(Source records)
──────
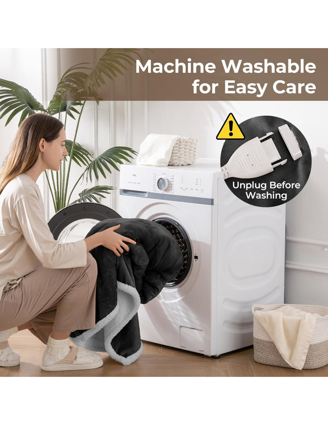 - LAVABLE A MÁQUINA - Un cable de alimentación desmontable hace que esta manta térmica sea fácil de limpiar. Viene en un empaque elegante, lo que la convierte en un regalo considerado para Navidad, cumpleaños o noches acogedoras en casa
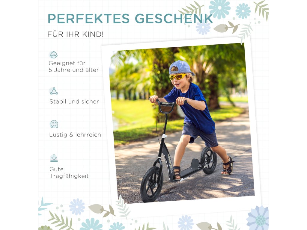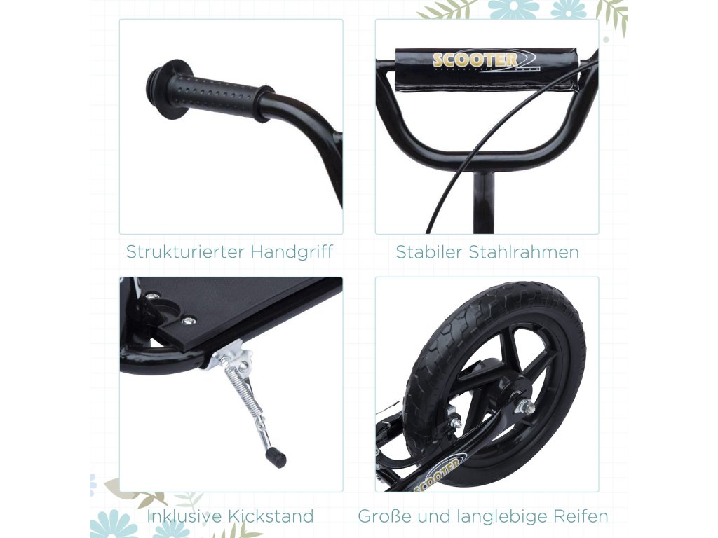 Koloběžka pro celou rodinu. Nejen pro děti, ale i pro sourozence, rodiče a přátele. Tato koloběžka je ideální pro krátkou cestu do školy nebo do práce. Díky 12" ráfkům a pneumatikám EVA koloběžka rychle klouže. Díky stojanu můžete koloběžku snadno zaparkovat, aniž byste ji museli odkládat. Tato koloběžka od společnosti HOMCOM nabízí spoustu zábavy pro celou rodinu!
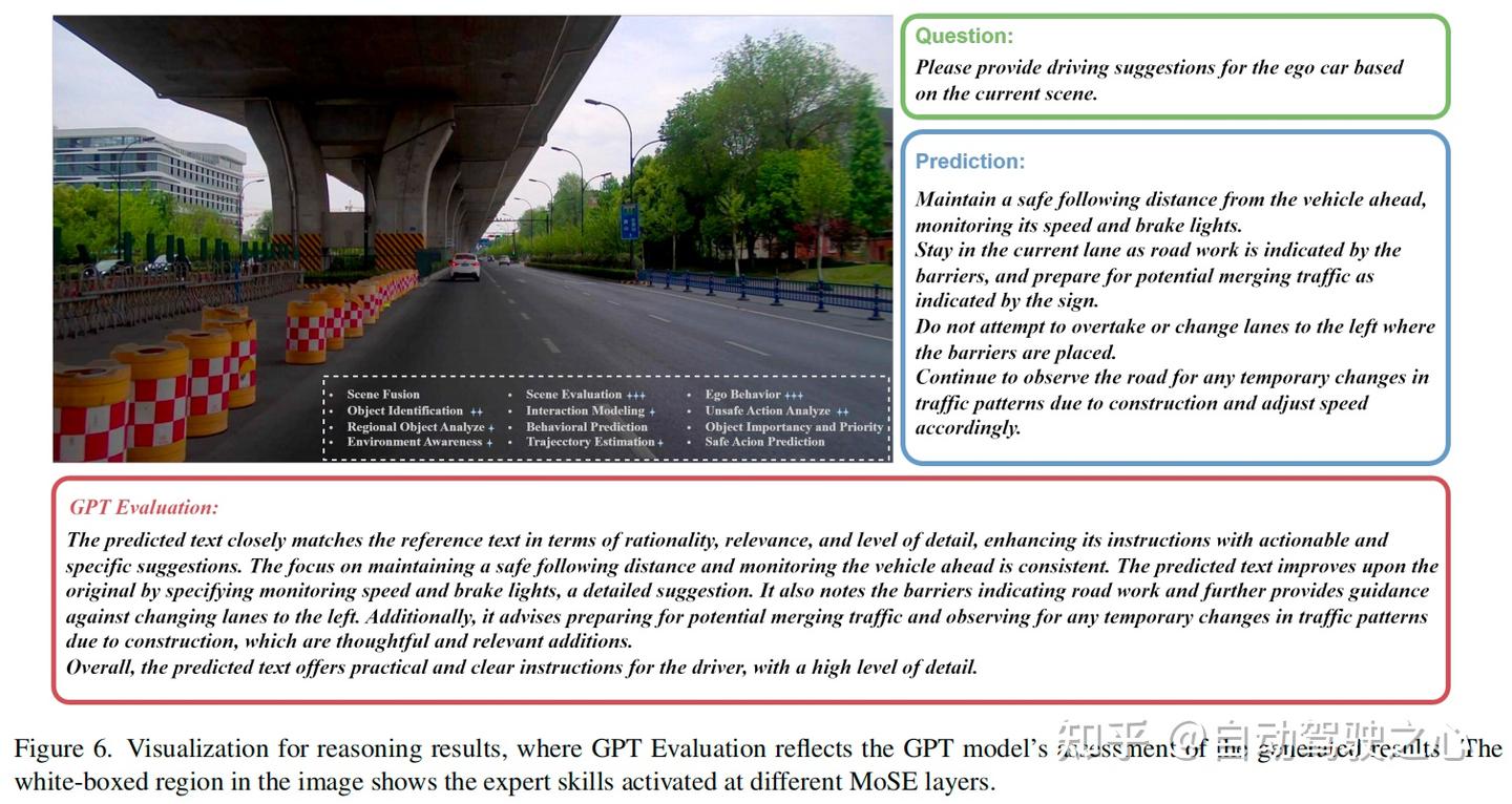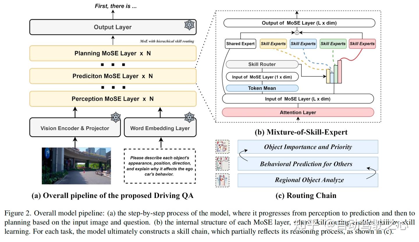 然而,一般的MoE模型通常需要大量的训练数据和复杂的优化过程。在这项工作中,受人类驾驶员学习过程的启发,我们提出了一种面向技能的MoE方法,称为MoSE,它模拟了人类驾驶员的学习和推理过程,逐技能、逐步进行。我们提出了一种面向技能的路由机制,从定义和标注特定技能开始,使专家能够识别各种场景和推理任务所需的驾驶能力,从而促进逐技能学习。进一步地,我们将驾驶过程与人类推理的多步规划以及端到端驾驶模型对齐,构建了一个层次化的技能数据集,并预训练路由器以鼓励模型逐步思考。与多轮对话不同,MoSE在一个单次前向过程中整合了有价值的辅助任务(例如描述、推理、规划),而没有引入任何额外的计算成本。在激活参数少于30亿的情况下,我们的模型在CODA
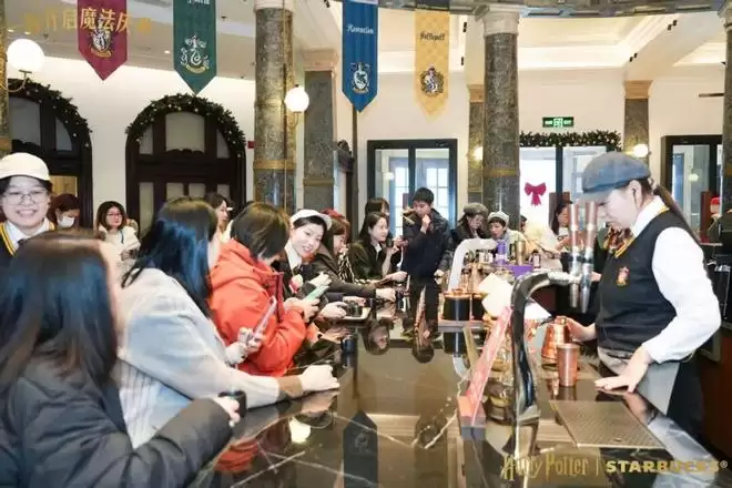 在星巴克门店里,如果你留心观察,或许会发现一些细节:这里的咖啡师(伙伴),是真的“入戏”了。他们不仅身穿魔法袍、手持魔杖,甚至在联名启动前就通过星巴克内部APP 开设的“我在星巴克学魔法”课程,模拟霍格沃茨魔法学校“入学—分院—上课—毕业”全流程,研读哈利·波特故事背景,学习联名饮品制作,像是真的入学了霍格沃茨一样。
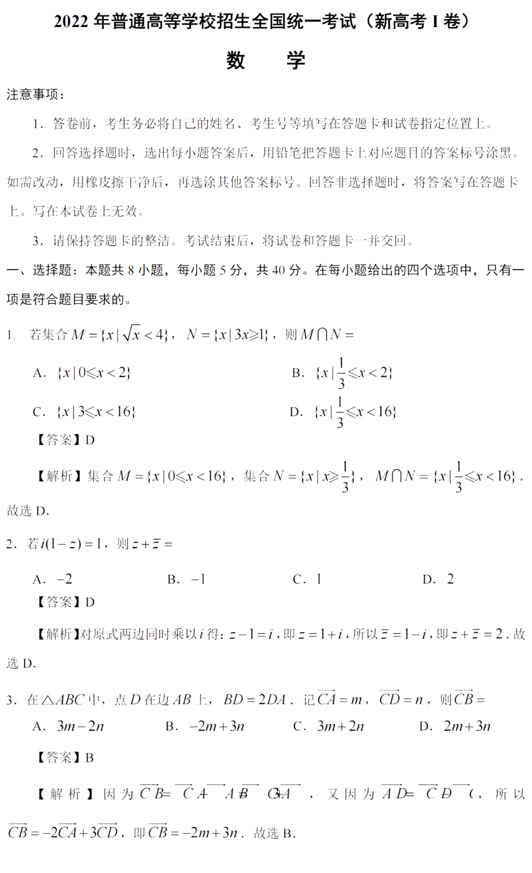 全国新高考Ⅰ卷 数学
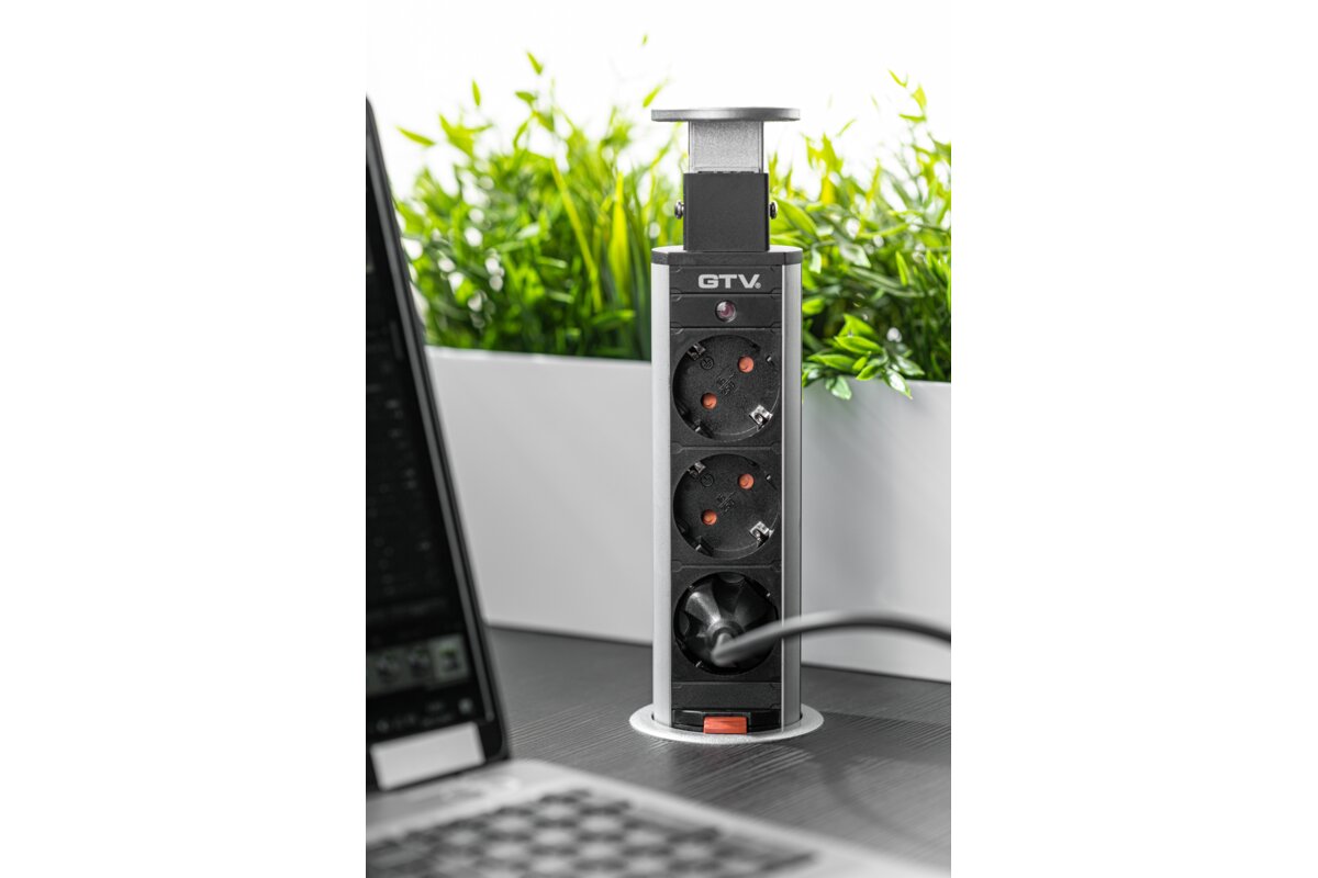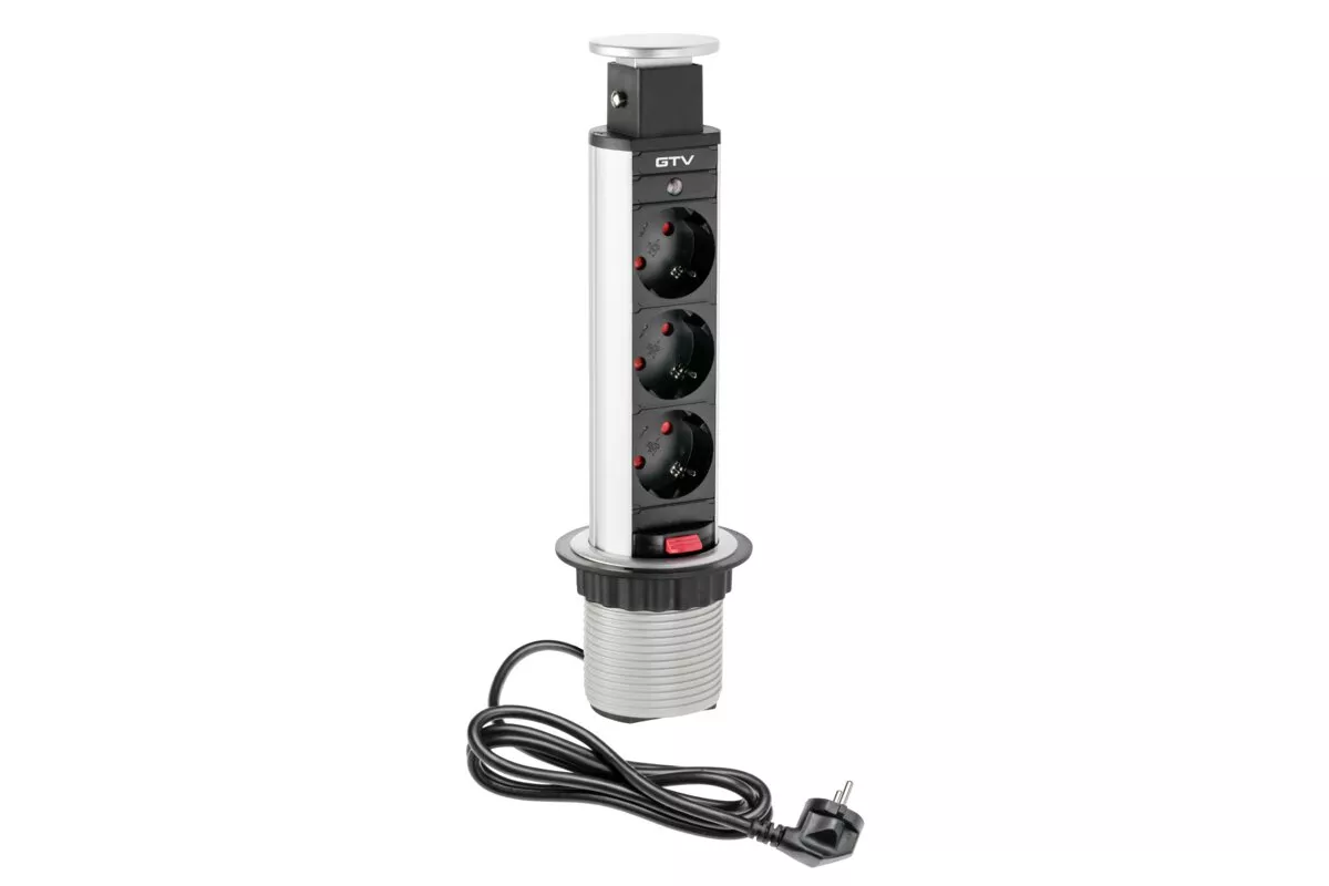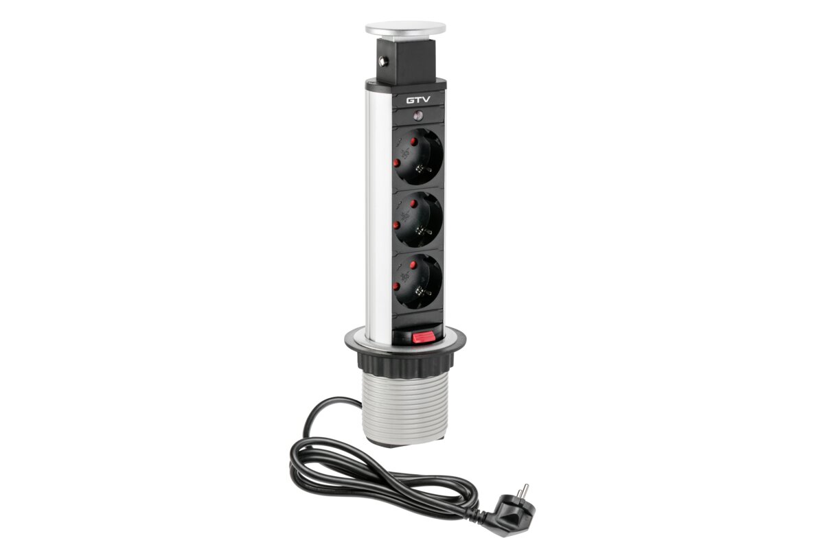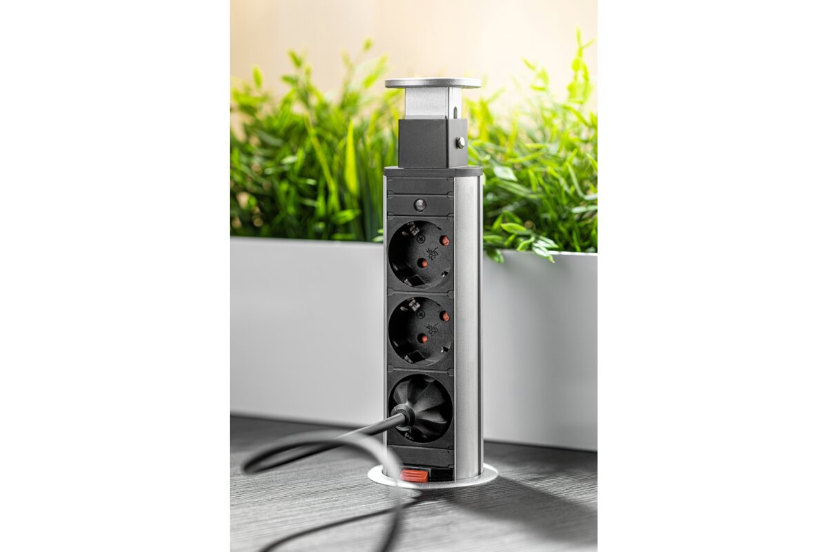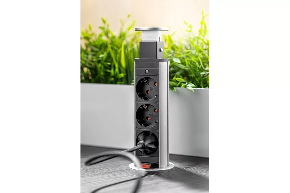 BIURKOWY PRZEDŁUŻACZ WPUSZCZANY 60mm, 3X SCHUKO (SREBRNY)
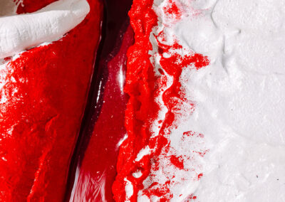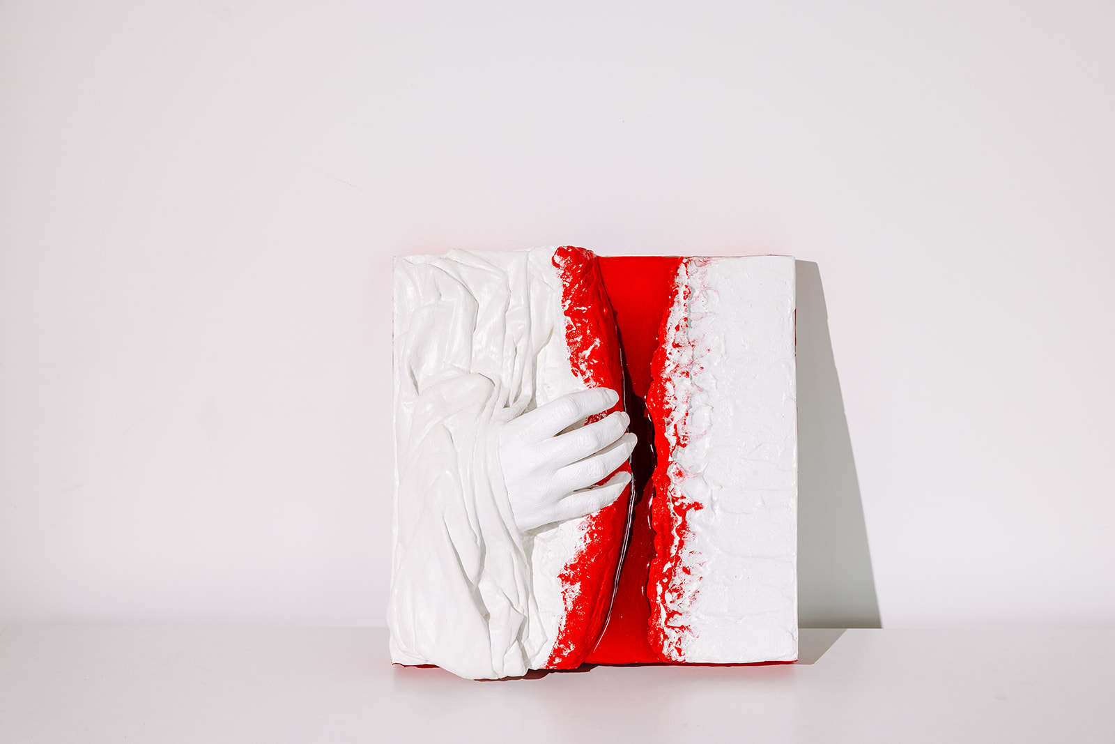 Der Kontrast zwischen dem reinen Weiß und dem viszeralen, durch Resin versiegelten Rot ist ein psychologisches Kraftfeld. Das glänzende Rot signalisiert ungefilterte Lebenskraft, die nach außen drängt, während die weiße Hand diesen Moment zwischen Schutz und Freilegung navigiert.
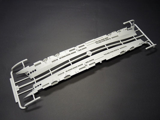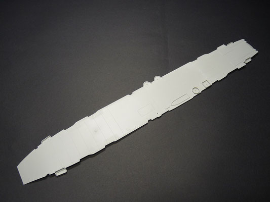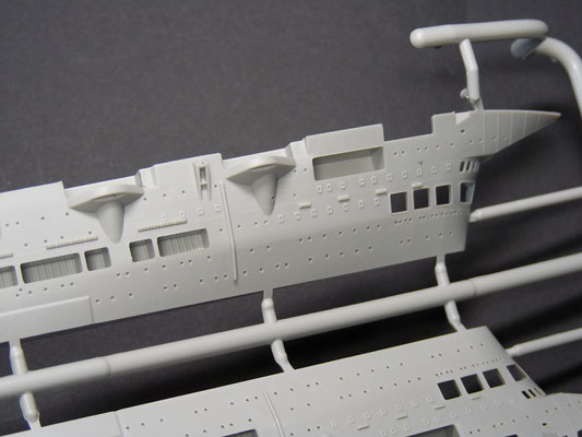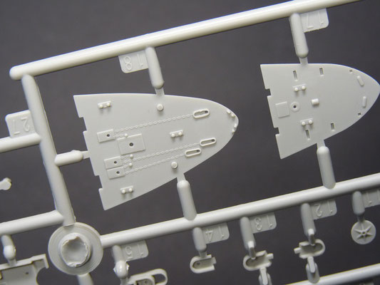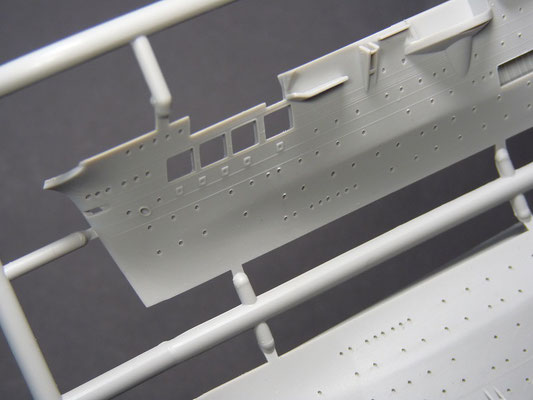 Der Rumpf ist in zwei Hälften geteilt und ist eine Augenweide, nur schade das es kein Vollrumpf ist sonder nur bis zur Wasserlinie reicht. Kein Verzug oder irgend welche Ungereimtheiten alles sehr sauber ausgegossen. Das Deck und die Insel sind auch wieder erste sahne da man auch die Fangseile und Lifts sehr gut wieder erkennen kann. Plattformen so wie die Geschütze und Beiboot sind sauber ausgearbeitet worden nur die Flak sollte man vielleicht gegen Ätzteile austauschen da sie von den Geschützlauf zu grob wirken, aber dies ist nicht zwingend notwendig da es hier um eine Komplett neue Bausatzform handelt.
──────
The task :: Write out exactly the opening lines of the data, stopping after the line that holds "Der Kontrast zwischen". Exclude pictures.

Solved exercise ::
 - LAVABLE A MÁQUINA - Un cable de alimentación desmontable hace que esta manta térmica sea fácil de limpiar. Viene en un empaque elegante, lo que la convierte en un regalo considerado para Navidad, cumpleaños o noches acogedoras en casa
 Koloběžka pro celou rodinu. Nejen pro děti, ale i pro sourozence, rodiče a přátele. Tato koloběžka je ideální pro krátkou cestu do školy nebo do práce. Díky 12" ráfkům a pneumatikám EVA koloběžka rychle klouže. Díky stojanu můžete koloběžku snadno zaparkovat, aniž byste ji museli odkládat. Tato koloběžka od společnosti HOMCOM nabízí spoustu zábavy pro celou rodinu!
 然而,一般的MoE模型通常需要大量的训练数据和复杂的优化过程。在这项工作中,受人类驾驶员学习过程的启发,我们提出了一种面向技能的MoE方法,称为MoSE,它模拟了人类驾驶员的学习和推理过程,逐技能、逐步进行。我们提出了一种面向技能的路由机制,从定义和标注特定技能开始,使专家能够识别各种场景和推理任务所需的驾驶能力,从而促进逐技能学习。进一步地,我们将驾驶过程与人类推理的多步规划以及端到端驾驶模型对齐,构建了一个层次化的技能数据集,并预训练路由器以鼓励模型逐步思考。与多轮对话不同,MoSE在一个单次前向过程中整合了有价值的辅助任务(例如描述、推理、规划),而没有引入任何额外的计算成本。在激活参数少于30亿的情况下,我们的模型在CODA
 在星巴克门店里,如果你留心观察,或许会发现一些细节:这里的咖啡师(伙伴),是真的“入戏”了。他们不仅身穿魔法袍、手持魔杖,甚至在联名启动前就通过星巴克内部APP 开设的“我在星巴克学魔法”课程,模拟霍格沃茨魔法学校“入学—分院—上课—毕业”全流程,研读哈利·波特故事背景,学习联名饮品制作,像是真的入学了霍格沃茨一样。
 全国新高考Ⅰ卷 数学
 BIURKOWY PRZEDŁUŻACZ WPUSZCZANY 60mm, 3X SCHUKO (SREBRNY)
 Der Kontrast zwischen dem reinen Weiß und dem viszeralen, durch Resin versiegelten Rot ist ein psychologisches Kraftfeld. Das glänzende Rot signalisiert ungefilterte Lebenskraft, die nach außen drängt, während die weiße Hand diesen Moment zwischen Schutz und Freilegung navigiert.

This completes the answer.